StorageMojo’s favorite FAST 08 paper

by Robin Harris on Friday, 14 March, 2008

It didn’t win Best Paper honors at FAST 08 – IIRC it was An Analysis of Latent Sector Errors in Disk Drives (the link is to the StorageMojo review of that excellent paper last month) but I really like the thinking behind Pergamum: Replacing Tape with Energy Efficient, Reliable, Disk-Based Archival Storage.

Written by Mark W. Storer, Kevin M. Greenan, Ethan L. Miller (UC Santa Cruz) and Kaladhar Voruganti (NetApp) the paper discusses a prototype that

. . . is a distributed network of intelligent, disk-based, storage appliances that stores data reliably and energy-efficiently. While existing MAID systems keep disks idle to save energy, Pergamum adds NVRAM at each node to store data signa- tures, metadata, and other small items, allowing deferred writes, metadata requests and inter-disk data verification to be performed while the disk is powered off.

They call the appliances tomes.

Tape: where data goes to die
One of tape’s big advantages is that it uses no power at rest. Any disk-based tape replacement will have to come as close to the same ideal.

The tomes use a single hard drive, an ARM-based processor board with NIC and NVRAM. Total power use – when powered up – about 11.5 watts, less than 15k FC drive. With tighter code, a slower drive and more integration, I’d bet they could cut that in half.
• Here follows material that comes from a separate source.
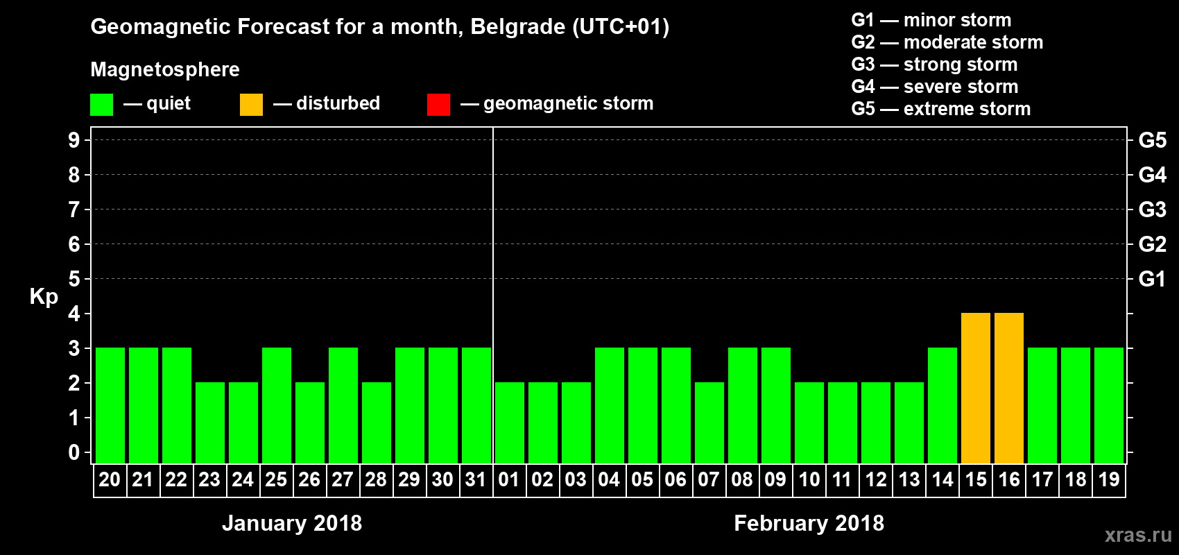 Geomagnetic storm forecast in Belgrade for Jan 20, 2018

The single disk drive means that tomes must be used in groups to enable distributed RAID techniques and exchange of algebraic signatures to ensure inter-disk recovery. The paper goes into those techniques in detail.

NVRAM

The purpose of the NVRAM is to provide low-power, persistent storage; operations such as metadata searches and signature requests do not require the unit’s drive to be spun up.
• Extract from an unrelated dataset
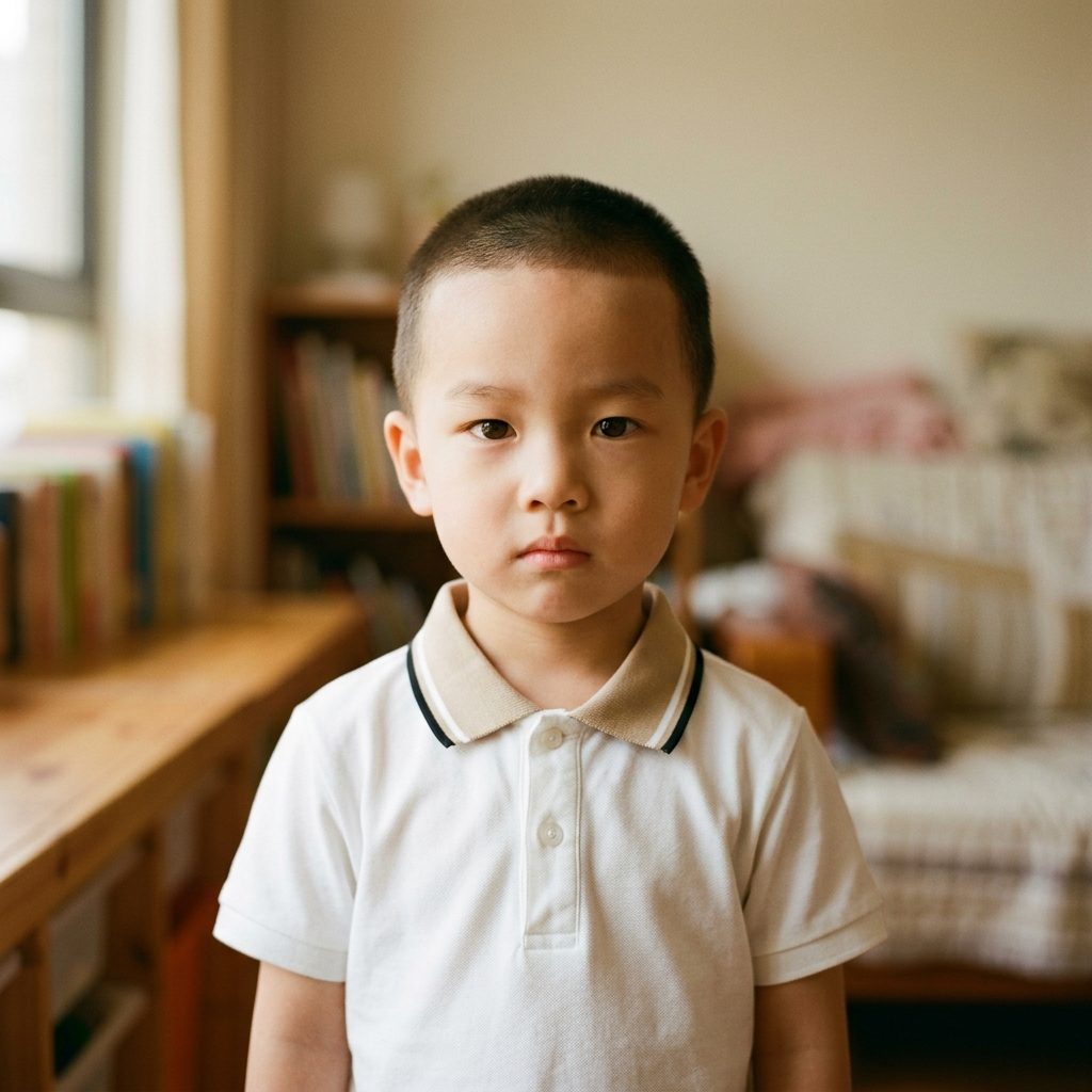 Strong rule: style --- Кинематографический, реалистичный, с теплой цве... ---. Маленький мальчик примерно 3-5 лет с круглым лицом и светлой кожей. У него очень короткая стрижка «ёжик», волосы темного цвета. Глаза темно-карие, миндалевидной формы, взгляд серьезный и сосредоточенный. Нос небольшой, губы плотно сжаты в нейтральном выражении. Мальчик одет в белую футболку-поло с бежевым воротником, украшенным черными и белыми полосками. Поза фронтальная, плечи расправлены, он смотрит прямо в камеру. Телосложение детское, хрупкое.

. . . the NVRAM primarily holds metadata such as algebraic signatures and index information, flash writes are relatively rare; flash writes coincide with disk writes.

The Ethernet interconnect is important – by using cheap unmanaged switches for fan out, high aggregate bandwidth, exceeding that of current tape libraries, is easily and inexpensively achieved. The use of power-over-Ethernet would further reduce costs, especially if the system used 4200 RPM drives.

The StorageMojo take
Most of the disk vs tape discussions look at the disk device vs tape cartridge cost issue – and they aren’t that different even today. But the tape library market is a $4-5 billion market. A disk-based alternative to slow tape libraries could take a big chunk of that.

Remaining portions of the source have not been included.